Genealogy, part II¶

This is the iPython notebook complementing the article http://www.mathiasbernhard.ch/genealogy-part-ii/
To load the wiki-entries from a pickle dump and start directly with the NLP-ML part, go here

import required libraries¶

In [1]:

import pandas as pd
from bs4 import BeautifulSoup
import urllib

In [2]:

import matplotlib.pyplot as plt
from matplotlib.colors import LogNorm
%matplotlib inline
%config InlineBackend.figure_format = 'retina'

load table (csv) with people to pandas dataframe¶

In [3]:

path = r'data/genealogy.csv'
df = pd.read_csv(path)
df.head()

Out[3]:

	Prefix	Name	Vorname	weitere Vornamen	Beruf	geboren	gestorben	Alter	URL
0	NaN	Pythagoras	von Samos	NaN	Philosoph/Mathematik	-570	-495	75	http://en.wikipedia.org/wiki/Pythagoras
1	NaN	Platon	NaN	NaN	Philosoph/Mathematik	-427	-347	80	http://en.wikipedia.org/wiki/Plato
2	NaN	Aristoteles	NaN	NaN	Philosoph/Logik	-384	-322	62	http://en.wikipedia.org/wiki/Aristotle
3	NaN	Epicurus	NaN	NaN	Philosoph	-341	-270	71	http://en.wikipedia.org/wiki/Epicurus
4	NaN	Euklid	von Alexandria	NaN	Mathematik	-325	-265	60	http://en.wikipedia.org/wiki/Euclid

define function that extracts the article text from a url¶

In [41]:

def extract_article(url):
    site = urllib.urlopen(url)
    soup = BeautifulSoup(site)
    article = soup.find("div", "mw-body-content").get_text()
    return article

In [42]:

pythagoras = extract_article(df.URL[0])

In [44]:

print pythagoras[760:1400]

Pythagoras of Samos (US /pɪˈθæɡərəs/;[1] UK /paɪˈθæɡərəs/;[2] Greek: Πυθαγόρας ὁ Σάμιος Pythagóras ho Sámios "Pythagoras the Samian", or simply Πυθαγόρας; Πυθαγόρης in Ionian Greek; c. 570 – c. 495 BC)[3][4] was an Ionian Greek philosopher, mathematician, and founder of the religious movement called Pythagoreanism.
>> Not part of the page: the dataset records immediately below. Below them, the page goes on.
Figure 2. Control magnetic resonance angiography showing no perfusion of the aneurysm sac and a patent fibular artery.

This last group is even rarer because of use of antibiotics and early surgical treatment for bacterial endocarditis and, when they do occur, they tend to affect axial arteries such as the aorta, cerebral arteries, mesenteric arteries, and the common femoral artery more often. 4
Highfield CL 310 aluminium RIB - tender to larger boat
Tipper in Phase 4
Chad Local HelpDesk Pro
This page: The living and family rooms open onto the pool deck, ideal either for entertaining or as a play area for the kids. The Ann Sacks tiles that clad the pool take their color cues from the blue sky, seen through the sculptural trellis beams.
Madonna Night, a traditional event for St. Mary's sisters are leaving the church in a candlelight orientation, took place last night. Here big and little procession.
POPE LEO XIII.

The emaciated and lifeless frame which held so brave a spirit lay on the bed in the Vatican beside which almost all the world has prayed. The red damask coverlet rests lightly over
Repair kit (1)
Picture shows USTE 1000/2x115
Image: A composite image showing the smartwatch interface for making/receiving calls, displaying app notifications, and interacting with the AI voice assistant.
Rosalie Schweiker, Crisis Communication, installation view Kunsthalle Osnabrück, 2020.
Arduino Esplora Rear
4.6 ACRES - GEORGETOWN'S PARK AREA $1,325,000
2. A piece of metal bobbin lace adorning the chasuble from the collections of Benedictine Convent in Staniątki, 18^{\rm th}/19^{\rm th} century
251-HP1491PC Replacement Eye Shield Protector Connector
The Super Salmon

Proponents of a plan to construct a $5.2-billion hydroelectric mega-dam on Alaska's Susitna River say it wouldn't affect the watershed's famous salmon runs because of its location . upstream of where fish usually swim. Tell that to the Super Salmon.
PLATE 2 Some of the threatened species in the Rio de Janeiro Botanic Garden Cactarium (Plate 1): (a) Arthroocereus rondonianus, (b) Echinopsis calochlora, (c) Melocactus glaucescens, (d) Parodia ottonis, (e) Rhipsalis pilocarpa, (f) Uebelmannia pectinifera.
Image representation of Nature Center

Most of the information about Pythagoras was written down centuries after he lived, so very little reliable information is known about him. He was born on the island of Samos, and might have travelled widely in his youth, visiting Egypt and other places seeking knowledge. Around 530 BC, he moved to Croton, in Magna Graec

extract names as last part of URL: for labelling in visuals¶

In [7]:

names = map(lambda x : x.split("/")[-1], df.URL)
names[:25]

Out[7]:

['Pythagoras',
 'Plato',
 'Aristotle',
 'Epicurus',
 'Euclid',
 'Archimedes',
 'Lucretius',
 'Vitruvius',
 'Fibonacci',
 'Dante_Alighieri',
 'Filippo_Brunelleschi',
 'Johannes_Gutenberg',
 'Leon_Battista_Alberti',
 'Donato_Bramante',
 'Leonardo_da_Vinci',
 'Albrecht_D%C3%BCrer',
 'Sebastiano_Serlio',
 'Michelangelo',
 'Parmigianino',
 'Giacomo_Barozzi_da_Vignola',
 'Andrea_Palladio',
 'Philibert_de_l%27Orme',
 'Rafael_Bombelli',
 'John_Napier',
 'Francis_Bacon']

apply function on ALL urls in table and store in list (of unicode strings)¶

In [8]:

wiki_entries = []
for url in df.URL:
    wiki_entries.append(extract_article(url))
len(wiki_entries)

Out[8]:

dump list to pickle, no need to crawl again¶

In [9]:

import pickle

In [10]:

pickle.dump(wiki_entries, open('data/wiki_entries.pkl','w'))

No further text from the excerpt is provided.